Purpose: We investigated the effects of pre-exercise voluntary
hyperventilation and the resultant
hypocapnia on metabolic and cardiovascular responses during and after high-intensity exercise. Methods: Ten healthy participants performed a 60-s cycling exercise at a workload of 120% peak
oxygen uptake in control (spontaneous breathing),
hypocapnia and normocapnia trials.
Hypocapnia was induced through 20-min pre-exercise voluntary
hyperventilation. In the normocapnia trial, voluntary hyperpnea was performed with CO2 inhalation to prevent
hypocapnia. Results: Pre-exercise end-tidal CO2 partial pressure was lower in the
hypocapnia trial than the control or normocapnia trial, with similar levels in the control and normocapnia trials. Average V˙O2 during the entire exercise was lower in both the
hypocapnia and normocapnia trials than in the control trial (1491 ± 252vs.1662 ± 169vs.1806 ± 149 mL min-1), with the
hypocapnia trial exhibiting a greater reduction than the normocapnia trial.
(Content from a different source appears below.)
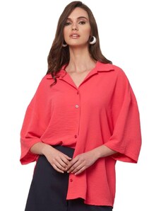 ANNA RAXEVSKY Γυναικείο φούξια oversize πουκάμισο Z21104 FUXIA, Χρώμα Κόκκινο, Μέγεθος XS

Minute ventilation during exercise was lower in the
hypocapnia trial than the normocapnia trial. In addition, minute ventilation during the first 10s of the exercise was lower in the normocapnia than the control trial. Pre-exercise
hypocapnia also reduced heart rates and arterial blood pressures during the exercise relative to the normocapnia trial, a response that lasted through the subsequent early recovery periods, though end-tidal CO2 partial pressure was similar in the two trials. Conclusions: Our results suggest that pre-exercise hyperpnea and the resultant
hypocapnia reduce V˙O2 during high-intensity exercise. Moreover,
hypocapnia may contribute to voluntary
hyperventilation-mediated cardiovascular responses during the exercise, and this response can persist into the subsequent recovery period, despite the return of arterial CO2 pressure to the normocapnic level.